Винин замер. Он не решался что-либо произнести и молча смотрел на перепуганную незнакомку. Женщина не унималась и всё просила, даже умоляла рассказать ей о причине его печали, и в итоге он решился открыться хотя бы кому-то…

– Боже, лучше бы я была глуха!

Пламя надежды потухло, оставляя после себя дым отчаяния.
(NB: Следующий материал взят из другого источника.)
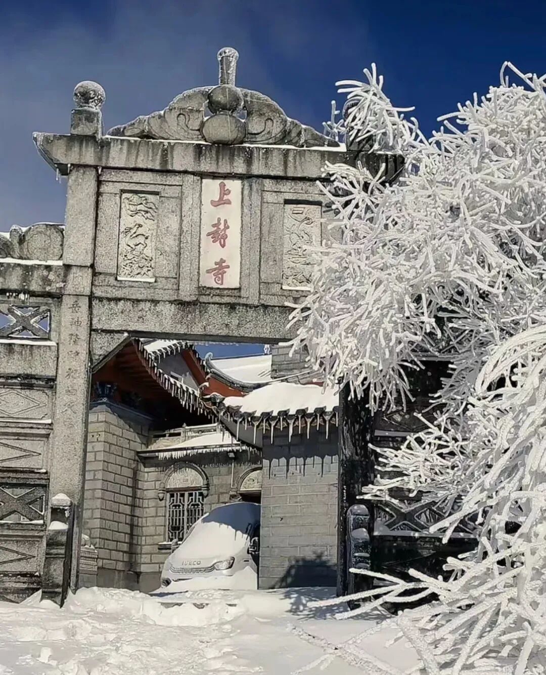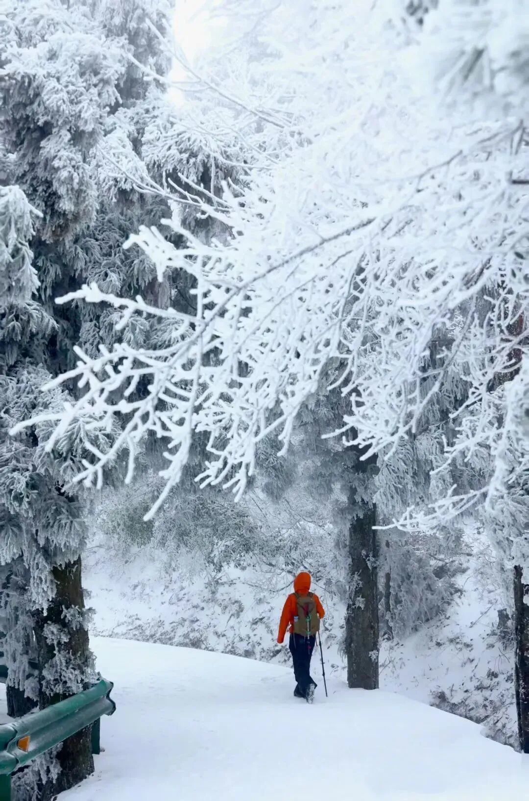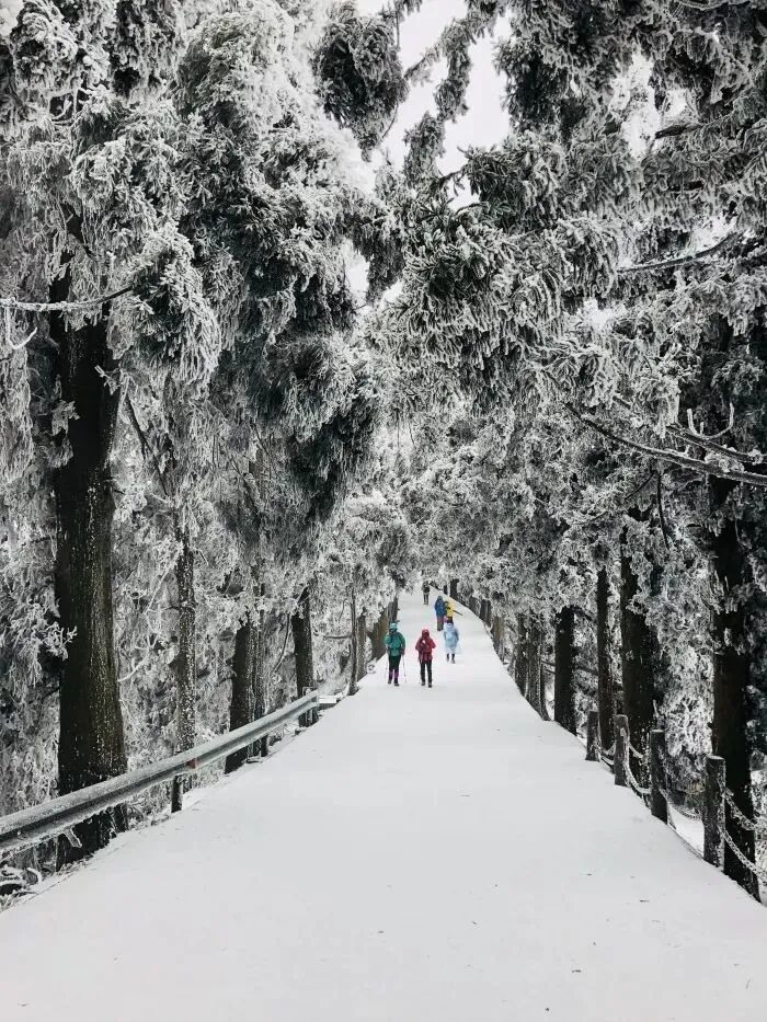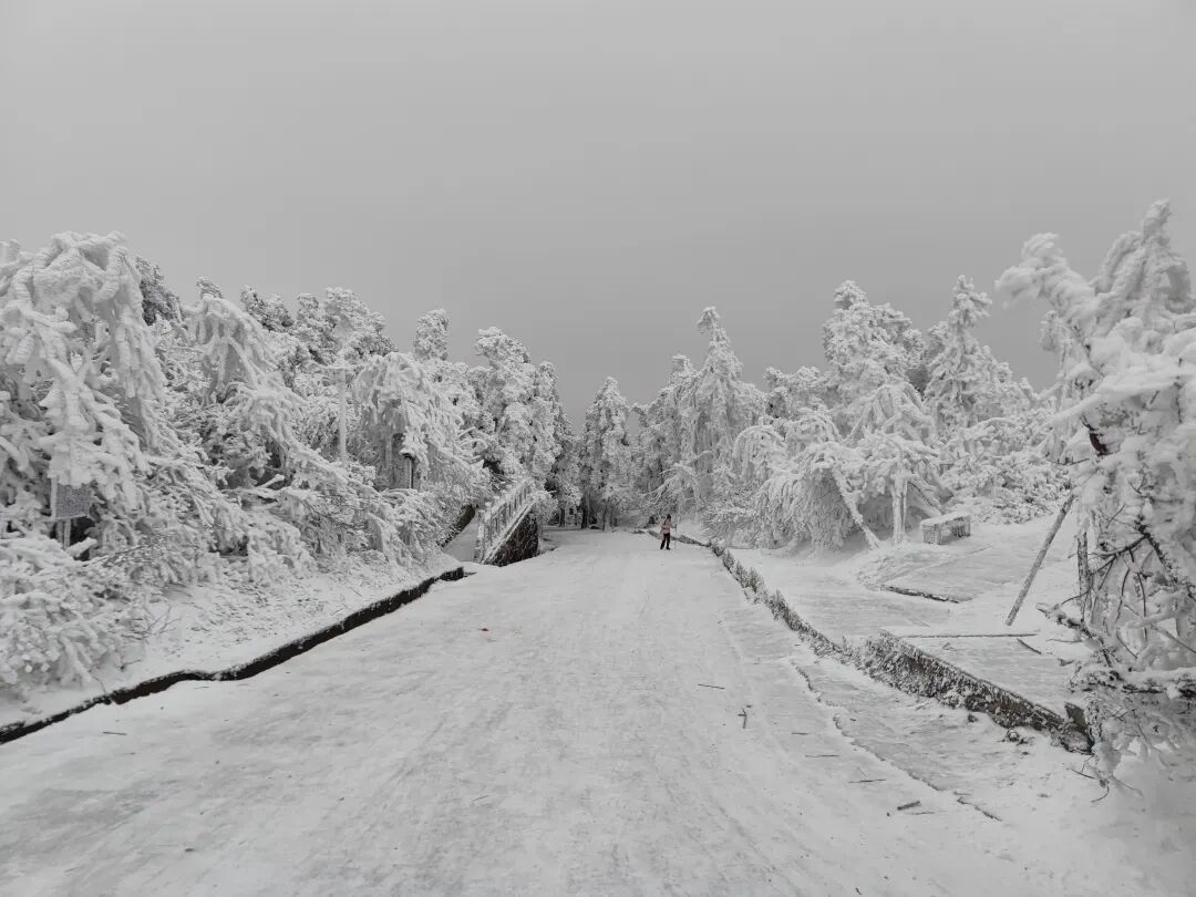 15:10 左右到达南岳衡山游客中心,领队带领大家热身后开始穿越山脊冰雪雾凇精华路线,前往半山亭或延寿亭客栈。(停车场到客栈要走约5公里,不想徒步也可以选择坐景区接驳车上山到半山亭)

Женщина побледнела, вскочила на ноги и с нескрываемым презрением закричала, увидев в писателе кого-то другого:

– Ты сумасшедший! Да ты, ты… ты наглый эгоист! Боже, лучше бы я тебя не слышала, лучше бы я тебя никогда не видела и не встречала! Почему ты снова появился в моей жизни, злой призрак?! Отвратительно, ужасно! Гореть тебе в аду за то, что ты встретился со мной! Сумасшедший, помешанный, больной! Голоса в голове, галлюцинации, вина!.. Ты… ты ужасный манипулятор, вот кто! Никакой вины ты не чувствуешь за содеянное и никто тебя никогда и ни за что не простит!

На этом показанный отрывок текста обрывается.